Despite the many home-related humidity issues, there has been little to no measured data available on actual indoor humidity levels in U.S. households. That is why the U.S. Department of Housing and Urban Development (HUD) funded Steven Winter Associates, Inc. (SWA) to collect data on interior humidity levels in homes.
"The study was aimed at aiding efforts already underway by the ASHRAE Standard Committee 160P on 'Design Criteria for Preventing Moisture Damage in Buildings' and others to develop moisture modeling tools and related technical standards," explained Lois Arena, a senior engineer with SWA, who recently authored a report for HUD, Data Monitoring of Indoor Air Quality (IAQ): Part II. "To support those standards initiatives, it was critical to have a much clearer understanding of where high levels of indoor humidity occur, as well as the contributing factors."
Under the HUD-funded project, SWA collected a full year of indoor temperature and humidity data from 60 homes within three different regions of the United States: the warm, humid Southeast, the cold Northeast and the Pacific Northwest. Additionally, SWA collected house and household characteristic data including occupancy levels, insulation levels, equipment efficiencies, envelope leakage, and duct leakage.
To monitor temperature and humidity levels, SWA engineers selected HOBO U12 data loggers from Onset. The battery-powered devices were used to record humidity levels around-the clock—even during power outages. SWA then used the accompanying HOBOware® Pro software to convert the data into time-stamped graphs that could be displayed on the company's personal computers.
"When we looked at monitoring options, we were impressed by the small, battery-powered HOBO data loggers, " Ms. Arena recalled. "The ease of installation, accuracy, and cost-effectiveness of these devices clearly outweighed the costs associated with the travel and man hours necessary to conduct an extra site visit."
The year-long analysis by SWA revealed several insights. While some confirmed some common industry assumptions, there also were a few surprises. For example, SWA's analysis of the data showed that homes in the marine climate consistently saw indoor relative humidity levels above 50%, which was higher than the levels detected in the other regions on average. However, the cold region had the highest occurrences of moisture problems.
Additionally, analysis showed some commonality among all three regions. For instance, the most common areas of visible mold or moisture damage were on or around the windows and in the bathrooms. However, SWA found clear regional differences as well. Notably:
- In the hot, humid Southeast, moisture problems seem to occur during the late fall/early winter in the newer, more efficient homes studied in that region. One thought is that because these homes are more comfortable and require less space conditioning during those months, this may be allowing the interior relative humidity levels to rise.
- In the cold Northeast, many of the homes had moisture leakage in the basement, and all had a portion of the basement that was unfinished. Homes with moisture problems in this set also had a much higher average air change rate compared to those without.

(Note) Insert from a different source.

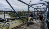 Pengendara motor melewati Jembatan Ledeng di Kota Bogor, Jawa Barat, Kamis (10/2/2022). Jembatan peninggalan zaman Belanda tersebut merupakan akses warga yang menghubungi Kampung Sindangsari dan Kampung Mekarsari yang dipisahkan oleh Sungai Cisadane. Kondisi jembatan yang sudah usang dengan kayu yang sudah lapuk, besi yang sudah mulai berkarat dan ditumbuhi tanaman liar tersebut dapat membahayakan pengguna jembatan yang melintas. Republika/Putra M. Akbar (FOTO : Republika/Putra M. Akbar)
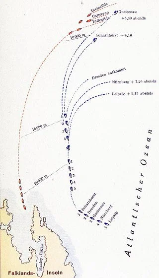 O plano de ataque do almirante Spee, previa que o SMS Gneisenai e o SMS Nürnberg navegassem para Porto Stanley para dar cobertura as tropas que desembarcariam, a fim de destruir a estação de rádio sem fio e outras instalações navais. Os cruzadores alemães deveriam dar apoio de artilharia ao assalto anfíbio. Ao se aproximar de Porto Stanley, Spee percebeu a presença da esquadra britânica, cancelou os desembarques e ordenou imediatamente que a esquadra se reagrupasse no mar. Apesar disso o SMS Scharnhorst atacou o HMS Canopus que protegia o porto. Spee, após verificar a superioridade da esquadra britânica, decidiu fugir em direção a sudeste. Os britânicos saíram em perseguição, sendo mais velozes, ao colocarem os navios alemães no alcance dos seus canhões, abriram fogo.

- In the marine environment of the Pacific Northwest, all the homes with moisture problems had either a full or partial crawl space without a well-sealed vapor barrier over the dirt.
"One of the important insights from our year of monitoring and analysis is that, in general, there are no statistically significant correlations across climate zones. Instead, each region has problems specific to that location, which need to be addressed," Ms. Arena observes. "Through this real-world data, we now understand that, rather than setting blanket recommendations for moisture control, it will be important to establish standards and guidelines that are applicable to the specific challenges of each zone."